Exercise description: Every line of the listing below is to be duplicated exactly, with the pictures left out.

Data block Block Start

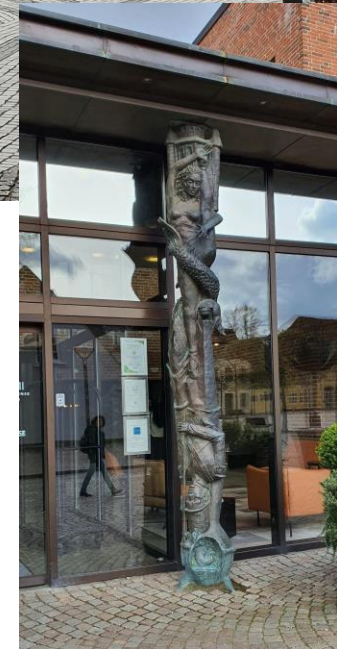
Odense et la magie des contes d'Andersen
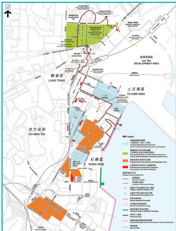
建议的九龙城市区更新计划 Recommended Urban Renewal Plan for Kowloon City

政府于二零一一年二月公布的《市区重建策略》，积极推动在市区更新的规划阶段实践「以人为本，地区为本，与民共议」的工作方针。提出在旧区设立「市区更新地区咨询平台」（下称「咨询平台」），以加强地区层面市区更新的规划。

Data block Block End

Result below:
Odense et la magie des contes d'Andersen
建议的九龙城市区更新计划 Recommended Urban Renewal Plan for Kowloon City

政府于二零一一年二月公布的《市区重建策略》，积极推动在市区更新的规划阶段实践「以人为本，地区为本，与民共议」的工作方针。提出在旧区设立「市区更新地区咨询平台」（下称「咨询平台」），以加强地区层面市区更新的规划。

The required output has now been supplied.